Paris: un logement social construit en pierre de taille, comme le Louvre ou Versailles

Elles ont autrefois servi à édifier le musée du Louvre et à construire le château de Versailles. Des siècles plus tard, elles ont permis de bâtir le dernier-né des logements sociaux de la ville de Paris. La pierre de taille, matériau noble digne des plus beaux bâtiments haussmanniens, a été utilisée pour la construction d'un immeuble comprenant neuf appartements. Il a été inauguré lundi, dans le 15e arrondissement de la capitale.
Ce matériau, capable de garder la fraîcheur et peu énergivore, "a la qualité de faire diminuer l'impact carbone. Ce n'est pas un matériau transformé mais qu'on a extrait", explique l'architecte Raphaël Gabrion, au micro de BFM Paris-Île-de-France.
Il est également facile à tailler et à extraire, et est un excellent isolant. "C'est une pierre qui résiste bien à l'usure du temps car naturellement, elle fait une couche protectrice en surface de la roche qu'on appelle le calcin. Ce sont les sels minéraux qui étaient naturellement au cœur de la roche qui viennent durcir la pierre en surface", détaille la responsable culturelle de la maison de la pierre Mélanie Baticle.
"Une grande fierté"
Avec pour objectif d'atteindre les 25% de logements sociaux en 2025, la mairie de Paris doit construire mais ne souhaite pas lésiner sur la qualité des immeubles.
"La pierre de taille est la même pierre que celle qui a servi à fabriquer le château de Versailles et fabriquer avec cette pierre-là du logement public, c'est pour nous une grande fierté", affirme Ian Brossat, adjoint (PCF) à la maire de Paris en charge du logement.
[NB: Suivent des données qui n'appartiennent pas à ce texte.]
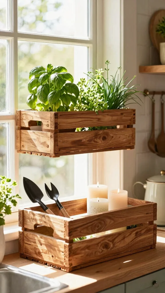 Arrange your crates in varied orientations for an eclectic look, filling them with herbs or using them to hold smaller and larger pots. Add decorative elements like candles or cookbooks to create warmth and character. These crates not only serve as stunning plant displays but also become delightful conversation starters in your kitchen!

Au total, 180m² de ces pierres ont servi à construire le bâtiment. Elles proviennent de la carrière Saint-Maximin et sont travaillées à ciel ouvert, dans une usine de l'Oise (60) située à une heure de Paris.
"C'est très bien d'avoir fait ça (...) Avec tous les problèmes environnementaux, climatiques, on s'aperçoit que la pierre c'est un bon produit et pas si cher que ça", se réjouit Marie-Claude Genovese, directrice de l'usine Rocamat de Saint-Maximin.
"Il fait moderne, ça rend bien"
À première vue, ces pierres nobles qui font ressortir une couleur jaune atypique ne sont pas immédiatement identifiables aux yeux des passants, mais plaisent déjà beaucoup.
"Il fait moderne, ça ne fait pas tache, ça rend bien", constatent deux passantes.
Un autre apprécie "la manière dont la lumière réfléchie". Une dernière assure qu'"il est plus beau à voir que d'autres immeubles dans la rue".
Les pierres de taille sont de plus en plus demandées en Île-de-France mais également partout dans le monde. Elles ont entre autres servi à l'extension de l'université de Stanford aux États-Unis.